An acrostic ring is a Victorian romantic 19th century ring in which the initials of the precious stones mounted on the band spell out a word such as dearest or  regards.

Dearest ring
In terms of design, the most common forms are either as a straight line with stones arranged to 'spell' the intended word, and octagon or daisy shapes.

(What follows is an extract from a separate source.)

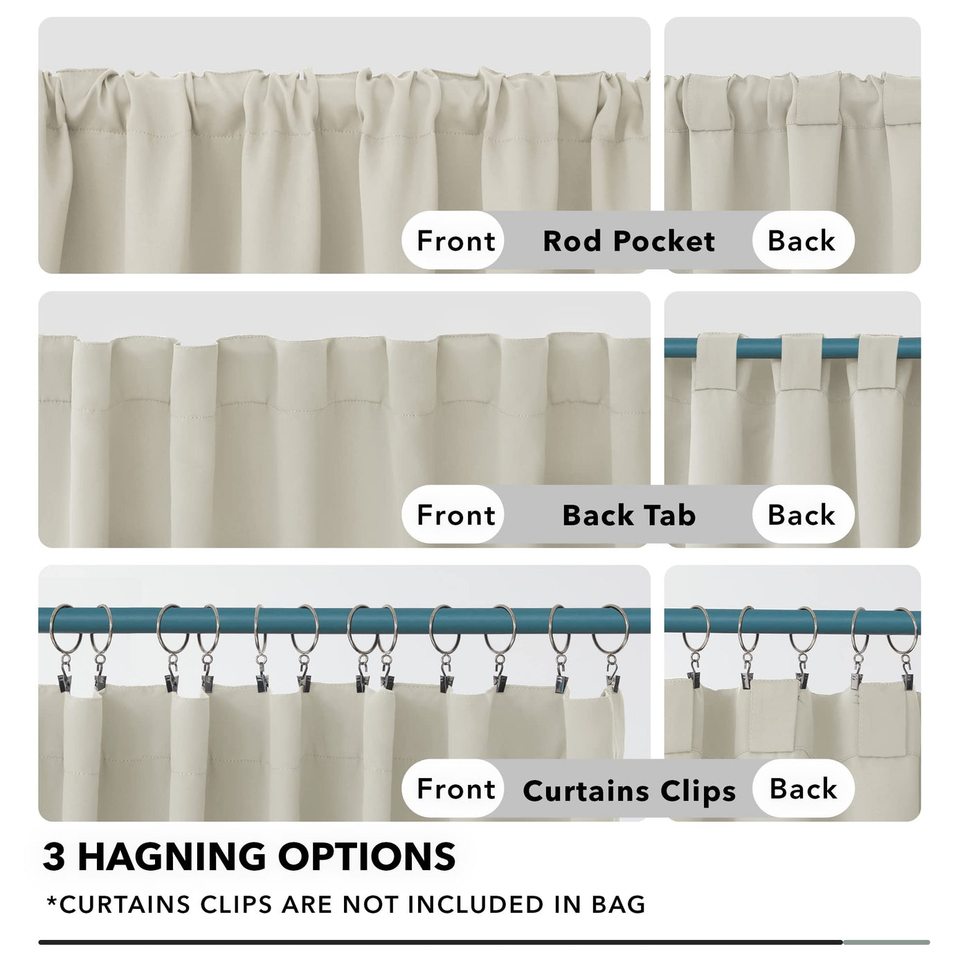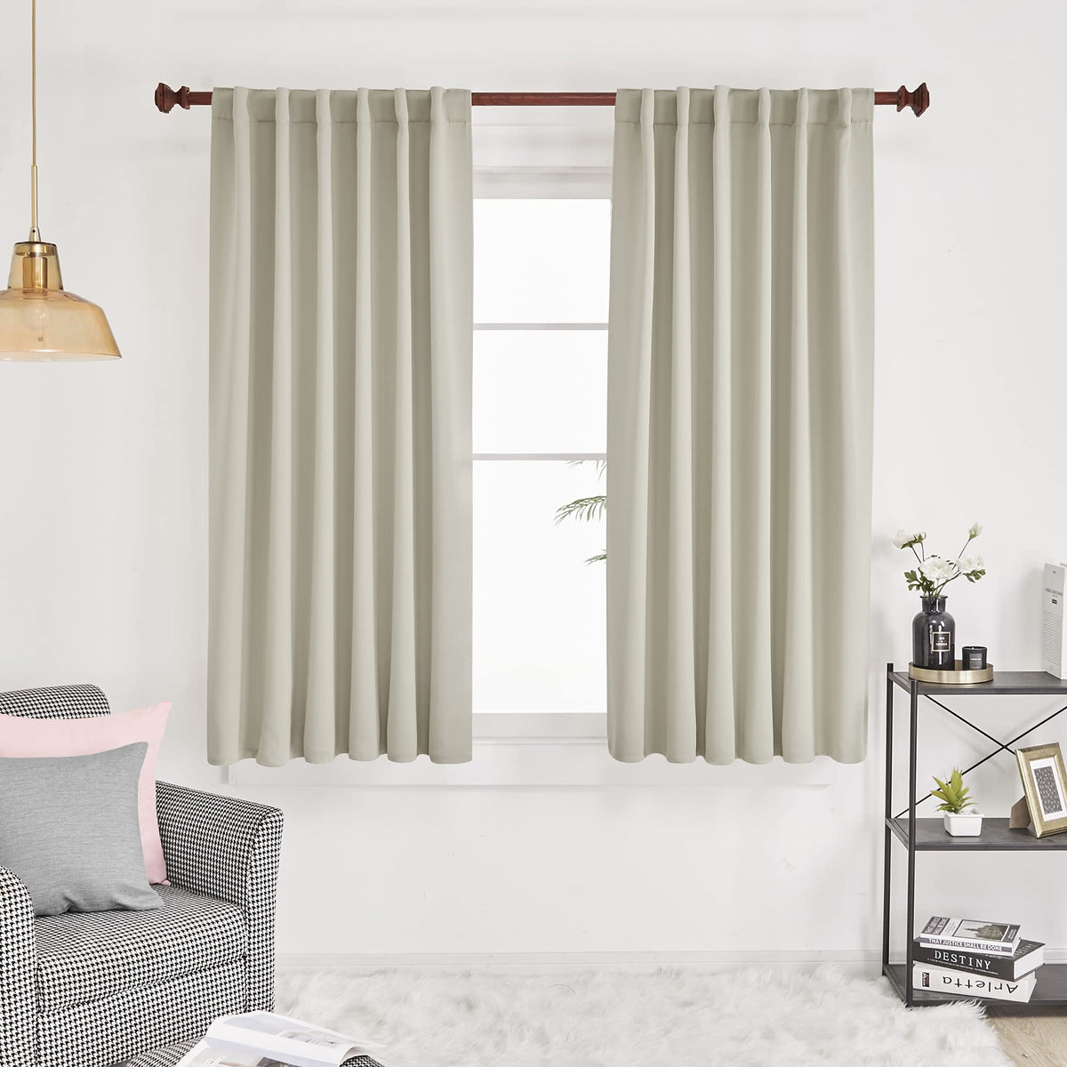 Deconovo Blackout Curtains For Kitchen Window, Back Tab And Rod Pocket Curtains, Room Darkening Curtains, 52X45 Inch, Light Beige, 2 Panels

The word "dearest" is an acronym, spelled out with seven stones:
 diamond
 emerald
 amethyst or alexandrite
 ruby
 emerald
 sapphire
 topaz

Regards ring
A regards ring was a 19th century ring in which the initials of the precious stones mounted on the band spelled out the word "regards" in an implicit acrostic:
Ruby
Emerald
Garnet
Amethyst
Ruby
Diamond
Sapphire

Others
Other terms of affection spelled out in gemstones include adore (amethyst, diamond, opal, ruby, emerald), and love (lapis lazuli, opal, vermarine, emerald), Other terms of affection found in rings include the French souvenir. Later variations included the spelling of another word or a person's name. In some cases paste gems were use rather than precious stones.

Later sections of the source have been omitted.